セマグルチドはSNACと複合体を形成し、脂溶性を高めた後に胃粘膜に吸着し、徐々に複合体からセマグルチドが遊離し、胃粘膜より吸収されます。

胃内に飲食物があると胃粘膜への吸着が阻害され、吸収が低下してしまいます。そのため空腹時に服用する必要があります。また水の量が多すぎるとSNACの濃度が薄まり吸収が悪くなります。そのため次のような注意書きがあります。

本剤の吸収は胃の内容物により低下することから、本剤は、1日のうちの最初の食事又は飲水の前に、空腹の状態でコップ約半分の水(約120mL以下)とともに 3mg錠、7mg錠又は 14mg錠を 1錠服用すること。また、服用時及び服用後少なくとも30分は、飲食及び他の薬剤の経口摂取を避けること。
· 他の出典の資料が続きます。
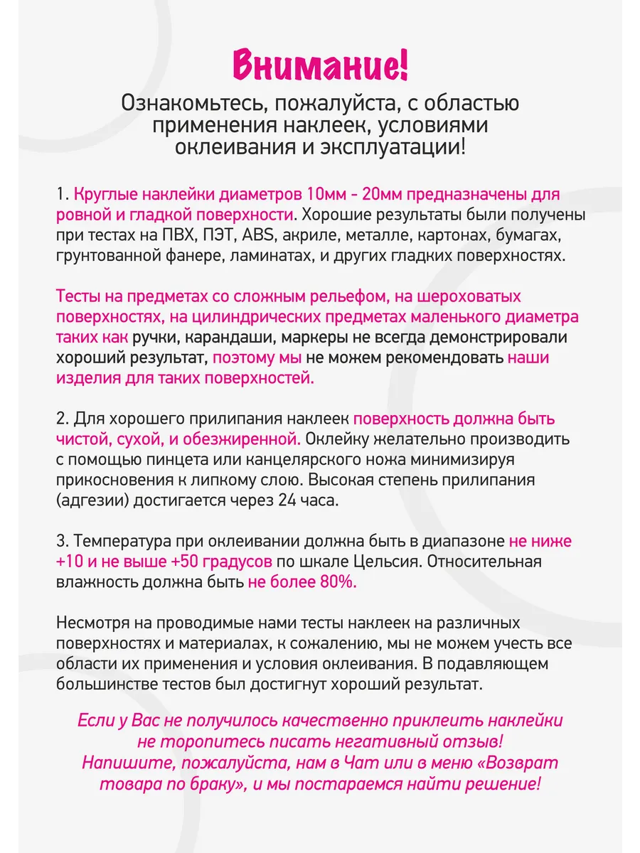 Изделия устойчивы к влаге, солнечным лучам и осадкам. Печать на виниловой ПВХ-пленке осуществляется технологией ультрафиолетовой печати. УФ-печать крепко закрепляет чернила на поверхности пленки, имеет высокое разрешение, а также яркие и сочные цвета. Пленка с постоянным клеевым слоем позволяет крепко приклеиваться к различным поверхностям. Для хорошей адгезии рекомендуем наклеивать наклейки на чистую, сухую и гладкую поверхность. Полная адгезия наступает примерно в течение 24 часов.

以上の事からリベルサス®錠は空腹時に、少量の水で服用しなくてはなりません。

これらをふまえて今回の事例を振り返ってみましょう。
A科でボナロン®経口ゼリーが処方されており、B科ではオゼンピック®皮下注SDからリベルサス®錠に処方変更がありました。どちらも空腹時に飲むことは変わりませんが、一方は十分な量の水で服用し、もう一方は少量の水で服用します。これでは確かに同時服用はよくないですね。そして経口薬のリベルサス®錠を注射薬のオゼンピック®皮下注SDに戻せば解決します。
今回紹介した2つの薬は薬物相互作用があるわけではありません。そのため薬理学や薬物動態学の視点や、あるいはレセコンによる相互作用の防止機能でも検出されません。あくまで服用の仕方が異なるので併用しない方がいいと分かった形になります。薬1つ1つの特性をよく理解したからこそ発見できたものです。またこのような有益な事例がありましたら、このブログで紹介したいと思います。